When creating an ArrayList you have the option to specify the initial capacity. Most of the time however you don’t really know how big the list should be. If you would know the exact size of the list then it is often better to go for a regular array as this is much more memory efficient. For this reason I often just don’t specify an initial capacity, even though I know that this will lead to costly copying of the array when the list becomes too small. But what do you have to do when you don’t know the size? I guess you can always estimate it, and make some kind of guess. To get a better understanding of how the initial capacity affects throughput, I did some tests with it.

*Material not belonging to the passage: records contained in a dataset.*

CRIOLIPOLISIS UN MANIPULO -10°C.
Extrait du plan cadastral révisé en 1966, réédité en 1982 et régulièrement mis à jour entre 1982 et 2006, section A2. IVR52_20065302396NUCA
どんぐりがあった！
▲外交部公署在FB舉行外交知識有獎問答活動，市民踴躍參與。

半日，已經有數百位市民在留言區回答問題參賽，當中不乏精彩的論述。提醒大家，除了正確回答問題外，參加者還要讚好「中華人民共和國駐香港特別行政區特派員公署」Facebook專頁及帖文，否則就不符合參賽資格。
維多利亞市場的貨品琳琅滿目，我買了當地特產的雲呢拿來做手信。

An ArrayList is used when you need to have a list, but you don’t know the size up front. Therefor an ArrayList will grow when it reaches out of space, this however involves a memcopy. The size of an array is always grown by 50% of the current size. This means that specifying the exact size does not only prevent an expensive memcopy, it also prevents allocating memory that isn’t used.

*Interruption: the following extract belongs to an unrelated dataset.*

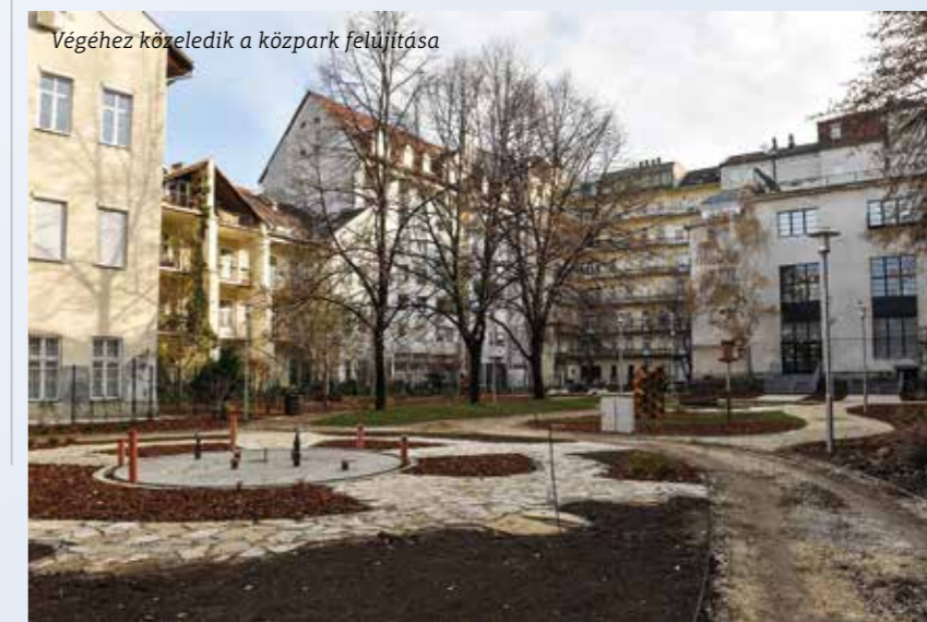
Végéhez közeledik a közpark felújítása

A Dob utca 86. szám alatti orvosi ügyelet felújítása júliusban kezdődött. A korszerűsítés során az erzsébetvárosi és terézvárosi lakosság ügyeleti ellátását biztosító rendelő teljes belső felújítását elvégzik. Kicserélik a külső nyílászárókat a szükséges homlokzati rekonstrukciók elvégzésével, és új burkolatokat is leraknak. A rendelő teljes épületgépészeti modernizációját is elvégzik, ezzel egyrészt az érkező betegek ellátása is korszerű körülmények között történhet, illetve az ügyeletet adó dolgozók elhelyezése is kényelmesebbé válhat.

Since we are explicitly using an ArrayList, I assume we don’t care too much about memory usage and are aiming more for simplicity. To see how bad it is not to specify an initial capacity I ran a test where I filled different arrays with elements. I let the amount of elements in the array double each time, and for each size I took the average duration over 1000 iterations. The different arrays where using different initial capacity:
- No initial capacity specified
- Initial capacity = # elements
- Initial capacity = # elements + 1
- Initial capacity = # elements – 1
The results of this tests are shown in the figures below.
The second image clearly shows that underestimating the size is expensive, especially in this case (size – 1), as we have to do the most expensive copy just to fit in the last element. You also clearly see that where the array with size and size + 1 are about linear, the one without size is clearly not. This is due to the fact that the size of the array is only increased by 50% each time. Meaning that if you double the elements to add, you actually have to grow the list more than one time extra.

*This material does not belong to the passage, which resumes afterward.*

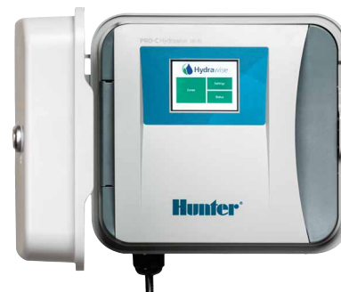
Riadiaca jednotka HPC 4 až 16 sekcií

The first image however shows that if your array remains relatively small (< 100,000) you won’t gain much in absolute numbers. It might even be neglect-able up until you have a very large array (> 500,000), but much will depend on what your application is all about and how fast you need to be able to respond.
An obvious result is that overestimating your array does not increase, nor decrease the performance of the array. This can be used to our advantage since we know that the ArrayList also tends to be too large if it has to grown on it’s own. So you are able to make an overestimation of how large the array will be, you can use this to prevent expensive memcopies.